Für  jede Versteigerung gelten demnach die nachfolgend aufgeführten Regelungen:

Die Versteigerung

erfolgt freiwillig oder im behördlichen Auftrag, im fremden Namen und auf Rechnung der Auftraggeber. Die Gegenstände stammen aus Nachlässen , Auflösungen und Einlieferungen.  Sie können in der dafür festgesetzten Zeit besichtigt und geprüft werden. Die Versteigerung erfolgt nach fortlaufenden Katalognummern.

 

Katalogbeschreibungen

Die Beschreibung der Gegenstände beruht auf subjektiven Überzeugungen der Experten, sie werden mit derzeitigen marktüblichen Preisen als Grundlage des Ausrufspreises beurteilt und ermittelt. Für offene und verdeckte Mängel sowie für Zuschreibungen wird keine Haftung übernommen. Begründete Mängelrügen müssen innerhalb von 3 Arbeitstagen geltend gemacht werden. Die Gegenstände werden ersteigert, wie besichtigt. Bei Kunstgegenständen, insbesondere bei Bildern und bei antiken Gegenständen, werden nur solche Fehler und Beschädigungen angeführt, die den künstlerischen Wert wesentlich beeinträchtigen. Die Auktionsteilnehmer werden gebeten sich persönlich vom Zustand der Objekte und Kunstwerke zu überzeugen, da Katalogbeschreibungen über keine zugesicherten Eigenschaften im Sinne der §§ 459 ff BGB sind.                         Für Unfälle während der Besichtigungs- und Versteigerungszeit wird keine Haftung übernommen.

 

Der Zuschlag

wird dem Höchstbietenden erteilt, wenn nach dreimaligem Aufruf kein Übergebot abgegeben wird.

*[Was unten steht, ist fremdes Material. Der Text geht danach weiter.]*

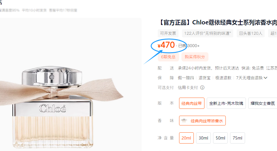 【6.28王炸割肉价】Chloe蔻依经典女士系列浓香水肉丝带香水 20ml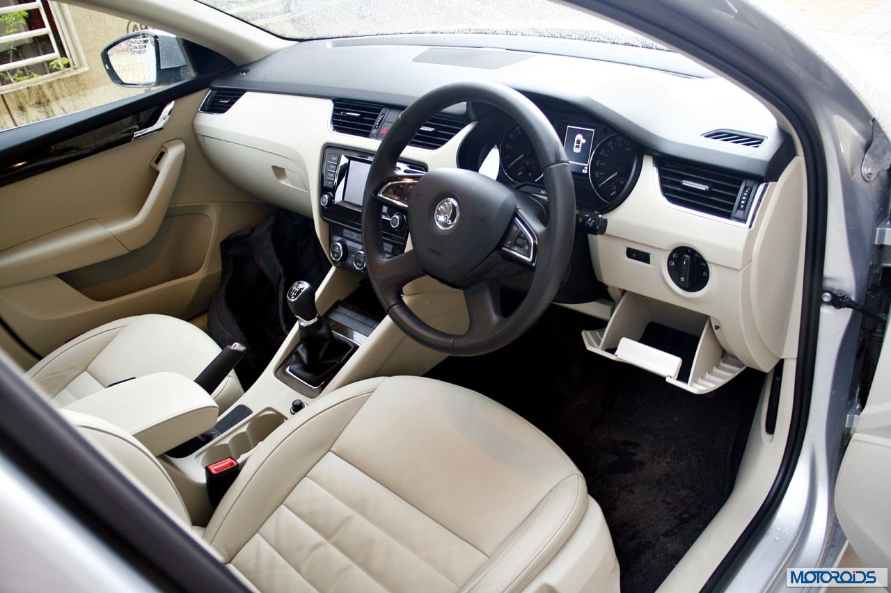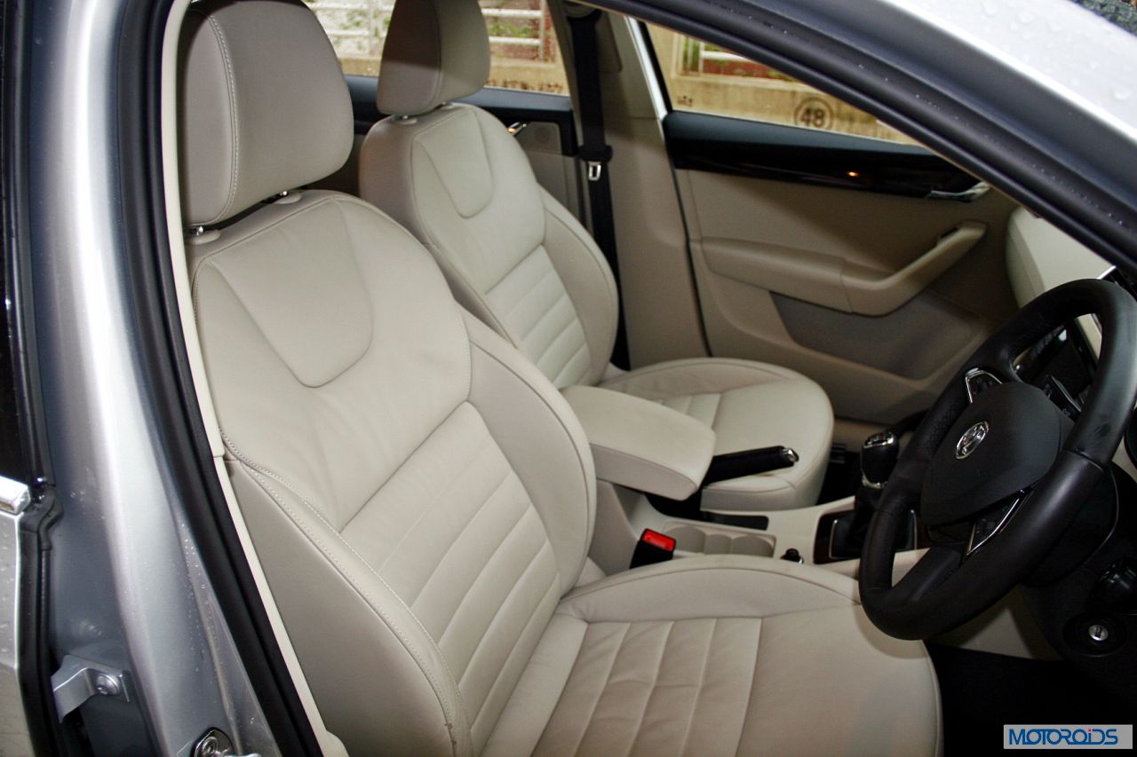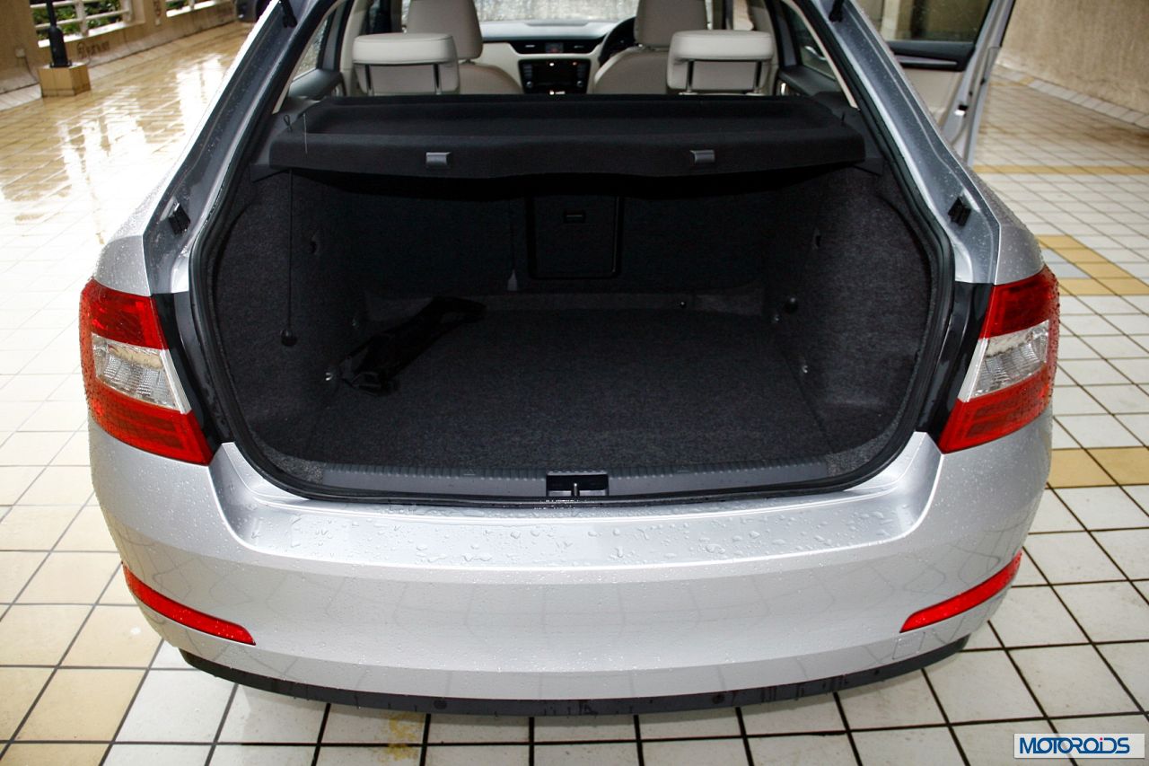 Skoda have provided ample cubbyholes to makes sure you never run short of spaces to pop odds and ends in. There is a glares holder up front, along with a big storage space under the front central armrest. The door pockets have enough space to store big water bottles and there are cup-holders in the rear central armrest too. The armrest can be dropped completely to access the big boot directly from the back seat. The transmission tunnel does interfere with the leg-space of the fifth passenger in the backseat though. Also, the rear seat doesn’t have a head rest for the middle passenger.

Gibt es mehrere Bieter für dasselbe Gebot, entscheidet das Los. Sollte ein rechtzeitig abgegebenes Gebot übersehen worden sein, kann der Ausruf erneut erfolgen. Der Zuschlag verpflichtet zur Abnahme und Zahlung. Die im Katalog angegebenen Preise verstehen sich als Limitpreise. Die Steigerungsrate beträgt 10%. Untergebote werden nur unter Vorbehalt zugeschlagen. Bis zu einem Limit von 100,- € werden Untergebote nicht berücksichtigt. Mit dem Zuschlag geht die Gefahr  für etwaige Verluste, Beschädigungen, Verwechslungen u.a. auf den Käufer über, das Eigentum jedoch erst nach vollständiger Bezahlung.                                                                                                                          Schriftliche Gebote werden Gleichrangig behandelt. Da ein Höchstgebot grundsätzlich nicht als Ausruf gewertet wird, sondern den Steigerungsraten entsprechend mit aufgerufen wird, kann es vorkommen, daß Ihr Höchstgebot mit einem Saalgebot gleichlautet. In diesem Fall erhält das Saalgebot den Zuschlag.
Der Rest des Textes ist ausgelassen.